Son système de défense n’est pas malhabile au strict plan judiciaire. Comme Trichet pour le Crédit Lyonnais, M. Juppé ne savait rien. Mieux encore ces deux grandes consciences morales, quand elles ont découvert l’un la dérive comptable de la grande banque nationalisée, l’autre la prise en charge d’une partie des 155 salaires du RPR par des sociétés privées, ils y ont mis fin. La mécanique a permis à M. Trichet non seulement de laver ce qui lui tient lieu d’honneur mais de se propulser à la présidence de la Banque centrale européenne.

M. Juppé souhaite manifestement bénéficier du même régime. Conseillé par deux excellents avocats, dont l’un est Me Szpiner, très spécialisé dans les questions de communication et de bonne réputation. L’ancien Premier ministre fait manifestement confiance à la machine judiciaire de notre pays.

Techniquement, on peut penser qu’il a raison.

Le problème de son efficace système de défense est que des esprits chagrins pourraient avoir la mauvaise idée de prendre ses déclarations au sérieux pour la suite de sa carrière.

Jusqu’ici en effet ce brillant technocrate, après avoir été secrétaire général du RPR à partir de 1988 et jusqu’en 1995 où, ministre des Affaires étrangères de Balladur il devint Premier ministre de Jacques Chirac, avec l’adoubement de Giscard d’Estaing, tout lui avait toujours réussi. Son problème, à partir de 1997, ce n’avait pas été seulement l’opinion populaire qui l’exècre et que lui-même dédaigne, ce sont tout simplement "les relations personnelles" où ce fort en thème se révèle un cancre. Il l’a d’ailleurs reconnu devant son juge, la présidente Catherine Pierce. En fait son ascension du secrétariat général du RPR jusqu’à la présidence de l’UMP s’est toujours effectuée dans le sillage et sous la protection de l’actuel chef de l’État.
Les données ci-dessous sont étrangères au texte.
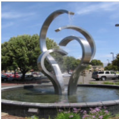
Harmony of Shape (located at Mowry Avenue and Paseo Padre Parkway, Washington Hospital Shopping Center)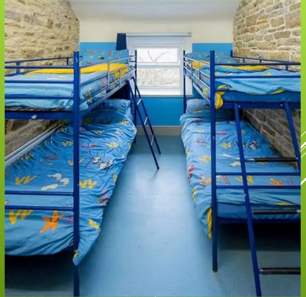
ROBINWOOD - WREXHAM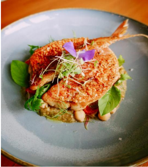
Grilled Andaman Red Mullet Butterfly cut charcoal grilled, charred eggplant, chickpea 380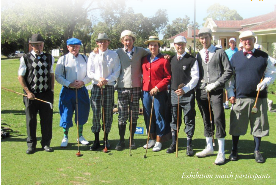
Exhibition match participants

Si l’on en croit ses déclarations, M. Juppé ne savait même pas que sa secrétaire personnelle, Mme Claude Le Corff, était prise en charge par une entreprise privée. Il était peut-être un innocent puisqu’il l’affirme, mais alors il était un niais. Comment le peuple français pourrait-il faire confiance à un pareil naïf pour conduire sinon la barque de l’État un jour, du moins le radeau de la droite d’aujourd’hui ?
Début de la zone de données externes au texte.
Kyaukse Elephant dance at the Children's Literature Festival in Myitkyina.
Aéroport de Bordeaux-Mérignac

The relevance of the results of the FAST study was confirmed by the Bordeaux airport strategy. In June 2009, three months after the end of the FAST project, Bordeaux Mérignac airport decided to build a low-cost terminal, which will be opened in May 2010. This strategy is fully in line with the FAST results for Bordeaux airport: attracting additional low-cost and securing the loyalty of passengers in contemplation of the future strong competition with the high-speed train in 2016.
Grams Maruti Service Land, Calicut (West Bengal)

Dans un rôle de clown auquel il n’est pas habitué, M. Juppé a même fait rire l’assistance du Tribunal de Nanterre.

Il faudra bien se souvenir de cette passe judiciaire.

Devant les Tribunaux, nul ne peut invoquer sa propre turpitude. C’est une règle qui remonte au droit romain.

Devant le Peuple, il serait logique de ne pouvoir symétriquement invoquer sa propre sottise.

En choisissant un système de défense lui garantissant plus ou moins l’indulgence attendrie de la magistrature syndiquée, le maire de Bordeaux mériterait de se fermer à tout jamais toute perspective politique, si nous étions dans une démocratie sérieuse.

On peut craindre hélas que cette dernière hypothèse ne relève que de la virtualité.